Not sure if is in the right place, but whatever....

Is there a list of anti-gun companies?


----------



## Shipwreck (Jan 26, 2006)

I just posted an article in the past couple of weeks about Costco being anti CCW. There is also a thread floating around about Verizon.


----------



## tony pasley (May 6, 2006)

Have not seen 1 that is nation wide but N.C. used to have one.


----------



## john doe. (Aug 26, 2006)

I found an excellent link in regards to antigun companies and people. It seems that it is a homosexual group. Personally, though I am not for the homosexual lifestyle, I think it's great that they have an organization like this. I just assumed, from the gays I know, that most were antigun. It's nice to know we have pro-gun people in the gay community.

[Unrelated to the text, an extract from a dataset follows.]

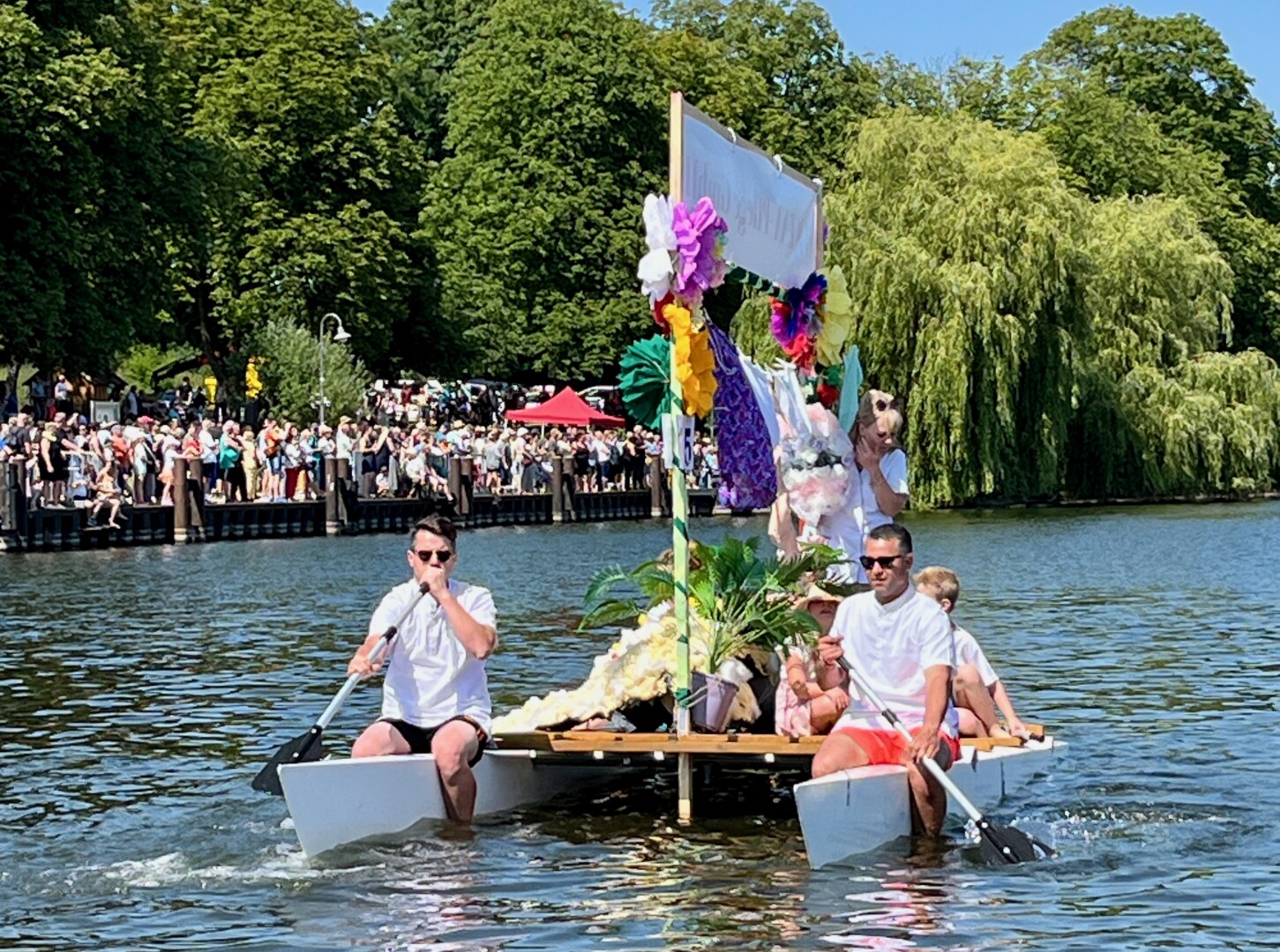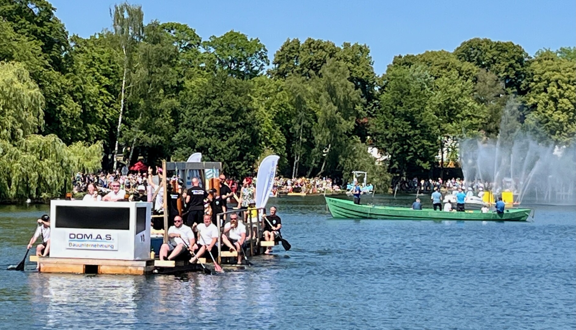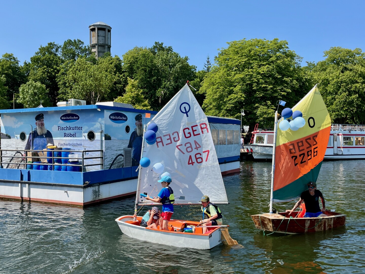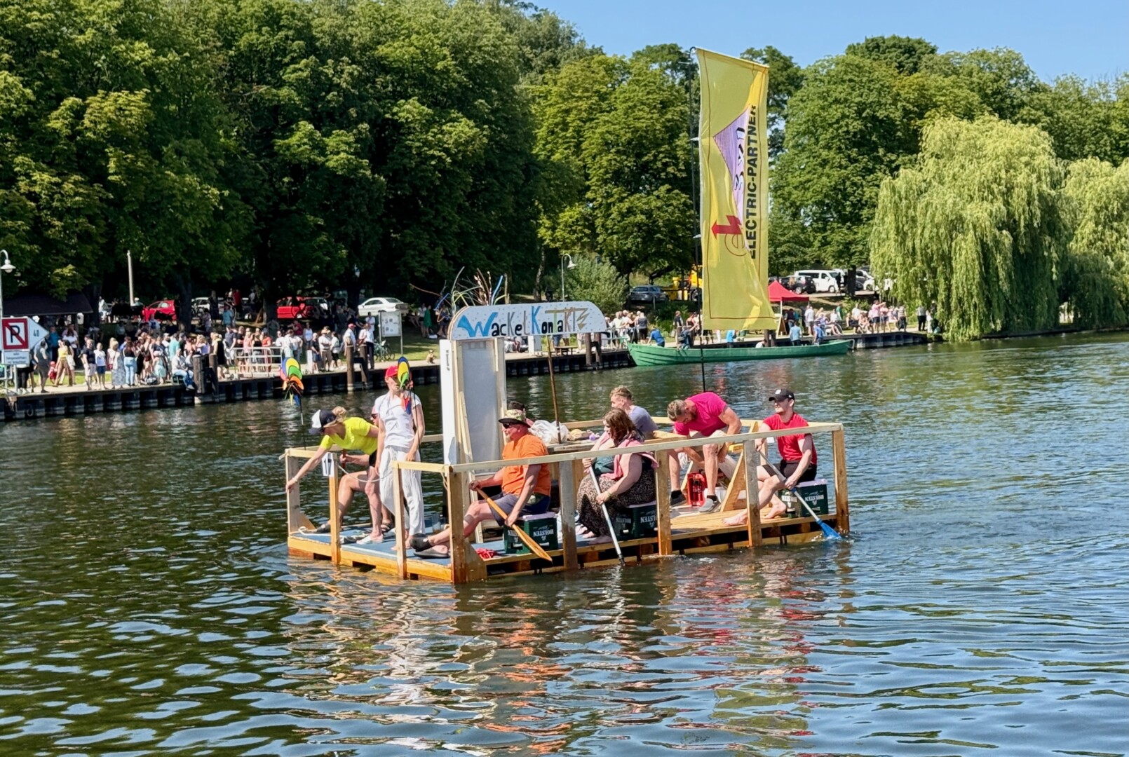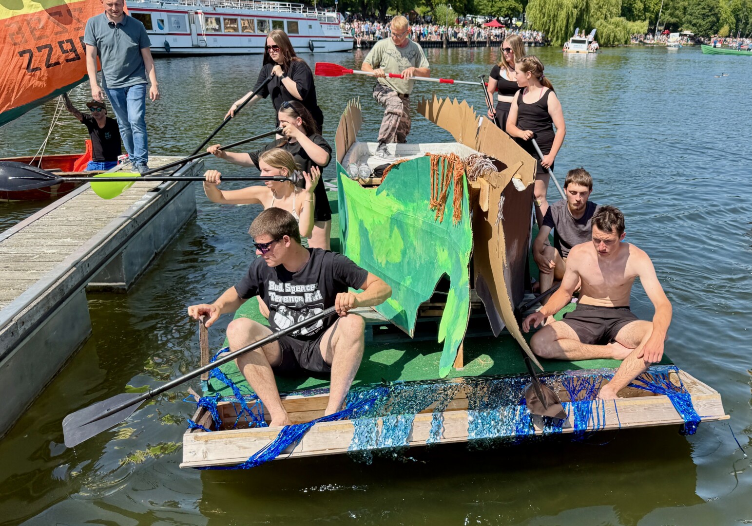 Ganz viel Applaus ernteten die „Müritzpiraten“ aus Ludorf. Sie starteten am Anfang und hatten einen besonderen Motor am Heck – Mama Sarina schwamm die gesamte Strecke mit und schob die liebevoll gestaltete „Badewanne“ mit Schatzkiste und Co. die gesamte Strecke an und schließlich ins Ziel. Dafür gab es einen Sonderpreis – verdient!
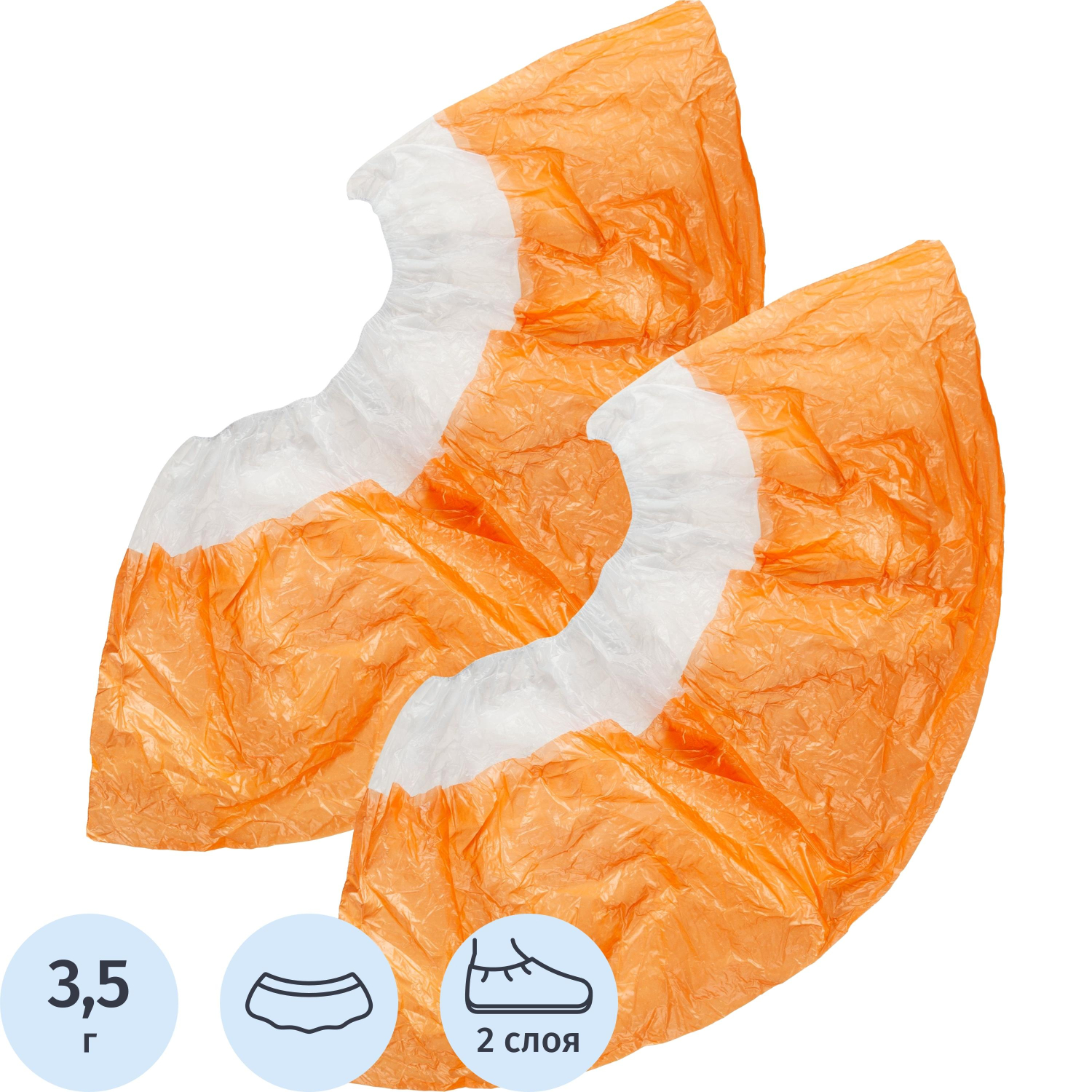 Бахилы н/с, п/э 2х слойн, 3,5г, ПНД-8/8/1р-Б-Ор, бело-оранжевые, 50пар/уп

http://www.pinkpistols.org/antigun.html

Here are some more links.

http://www.scopeny.org/antigun.html
http://nraila.org/Issues/factsheets/read.aspx?ID=14
http://www.freerepublic.com/focus/news/814414/posts


----------



## jpruett79 (Sep 23, 2006)

Here are two sights that are just getting started. They dont have alot on info yet but the more people use them the better they will be.

http://postedplaces.com/

http://www.anticcw.com/

Here is on for Ohio.

http://www.ohioccw.org/index.php?option=com_wrapper&Itemid=77


----------



## OrangeSkies (Jul 5, 2006)

I was looking for the same thing about a year ago and when I couldn't find one, I started my own. It's a pretty short list, but growing...

It started off being just Oregon businesses, but I've recently added some nationwide businesses that also hate our Second Amendment rights.

My list can be found here: http://talltown.us/blacklist.htm


----------